Gaming laptops are traditionally full of compromises.
Holden Astra VXR (2015) review
A gutsy hot hatch that you'll hate to love
- Wonderfully fast
- Exceptional handling
- Joyous exhaust note
- Clunky infotainment system
- Tasteless plastic and neon lights
- More expensive than rivals
Price$ 39,990.00 (AUD)
Holden’s range topping Astra VXR is no fence sitter. This is a polarising car, sometimes for the better and other times for the worse.
Tearing us in two is its design. The back looks great, with its low slung roof, rear diffuser and twin exhausts. The sides follow suit as the car sits on expansive 20-inch alloys. Low profile tyres compound the effect and give the VXR a look of menace.
Undermining the design tone is the front body kit. Its soft, gaping appearance gives this serious hot hatch with a smile that is goofy.
The car’s interior tells a similar tale. There’s tacky plastic insets in the dashboard and the glow of tasteless neon lights. These touches leave the impression the VXR is a car for people who believe clubbing is Australia’s greatest pastime.
Worsening the interior is an infotainment system well past its used by date. The version of Holden’s MyLink in the VXR does not come with a touchscreen, and it isn’t supplemented by an easy-to-use navigational method. A knob scrolls through each letter of the alphabet every time text is entered into the GPS. Compared to Ford’s rivalling Focus ST, MyLink feels like a relic.
The lack of a touchscreen means the dashboard has been desecrated with innumerous buttons. A touchscreen presents only the options that are relevant at any one time. Holden’s hot hatch thrusts every available option as a button, and the one you need gets lost in the numbers.
Come nightfall and some of the bold decisions begin to make sense. A button on the dashboard titled “VXR” turns the speedometer backlighting into a uniform red. The shifting in colourtone reveals the car’s three-stage adaptive dampers have been set to the firmest setting. Race-style bucket seats brace bodies, and because they have been upholstered in nappa leather, the hugging seats don’t negate comfort.
Interior space is plentiful for a car of its size. It has a low slung roof and yet enough headroom in the back for men six feet tall. Ample leg room is another benefit; one that is often sacrificed in a hot hatch. Technically the VXR will seat five, but only four will travel in comfort.
You would be forgiven for thinking the engine in this car is concerned more with economy than performance. It is of the stop-start variety and, in the real world, it will average 11.7-litres for every hundred kilometres. But economy is an ancillary concern of the VXR’s engine.
It is powered by a 2.0-litre turbocharged 4-cylinder engine that will deliver 206kW of power. There’s a class-leading 400Nm of torque and it’ll reach 100-kilometres from a standstill quicker than the Focus ST with a time of 5.9-seconds.
This is a quick and an involving car to drive. All of the power is sent to the front wheels through a six-speed manual gearbox. Gear shifts lack the mechanical texture found in Ford’s hot hatch, but the Astra’s clutch is noticeably lighter, which makes it less of a strain to drive everyday.

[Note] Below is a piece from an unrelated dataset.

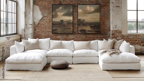 Fototapeta - White sectional sofa in modern living room with brick wall and two framed landscape pictures.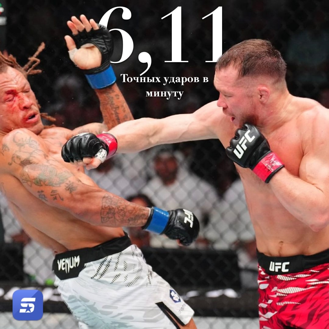 Пётр Ян может ответить Мерабу точностью и эффективностью. Он наносит 6,11 значимых ударов в минуту — это на 0,33 удара больше, чем у Двалишвили. Но главное — точность: у Яна — 65%, у Мераба — 46%. Его ключевой шанс — наносить более весомый урон и надеяться, что судьи оценят качество ударов выше, чем воздухорезы и броски «ради бросков» у Мераба #UFС323

Sitting stationary at the lights is set to the backdrop of the engine’s hum. Its tune is velvety warm. Accelerate and the baritone sound audibly grows. Keep it down and the tune of the turbo kicks in with a howl. The redline is at 6500rpm. Lift off the accelerator early and the engine will slowly wind down with a relenting growl. This complex melody is utterly corruptible.
Matching the performance is the VXR’s handling. Large Brembo brakes bring it to a halt quickly. Turning the car into an apex is almost telepathic. It responds with enthusiasm to the softest nudge, nimbly weaving in and out of bends. The body doesn’t roll; the car squats close to the road and simply sees a line through.

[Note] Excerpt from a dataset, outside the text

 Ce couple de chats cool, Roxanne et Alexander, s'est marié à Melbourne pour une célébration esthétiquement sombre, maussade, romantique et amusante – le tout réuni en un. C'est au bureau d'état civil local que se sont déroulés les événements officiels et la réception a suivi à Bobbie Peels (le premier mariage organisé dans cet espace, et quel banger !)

The power, its delivery and the handling culminate in an intoxicating experience. The VXR is small and agile enough to slip into gaps in traffic. Somehow the neon lights inside the car seem less offensive on a Saturday night. Large front windows let plenty of air in. Music, whether it’s from the radio, a hard drive or via Bluetooth, is played with gusto over the 6-speaker system. This car makes sense in the blanket of night.

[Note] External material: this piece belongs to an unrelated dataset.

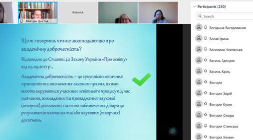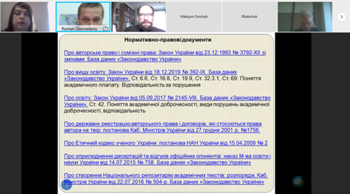 Комісія з питань етики та академічної доброчесності спільно з Науковою бібліотекою ПНУ в рамках занять університетської школи академічної доброчесності 21 квітня 2021 р. провели онлайн-семінар «Академічна доброчесність та її інструменти».

A Monday morning inevitably follows and the sunlight is sobering. Bright shades make the VXR a blinding eyesore. The coupe’s doors are ludicrously large, which means the interior will be scuffed, your leg will be scuffed or the alongside car will be scuffed. Exiting the driveway will have to be done slowly, or else the front body kit will scrape. Going up tall speed humps demands the same attention be paid. Responsibilities render the VXR a chore.
But it's not the drawbacks that come to mind at lunchtime. What sticks long after are the many thrills had during the weekend.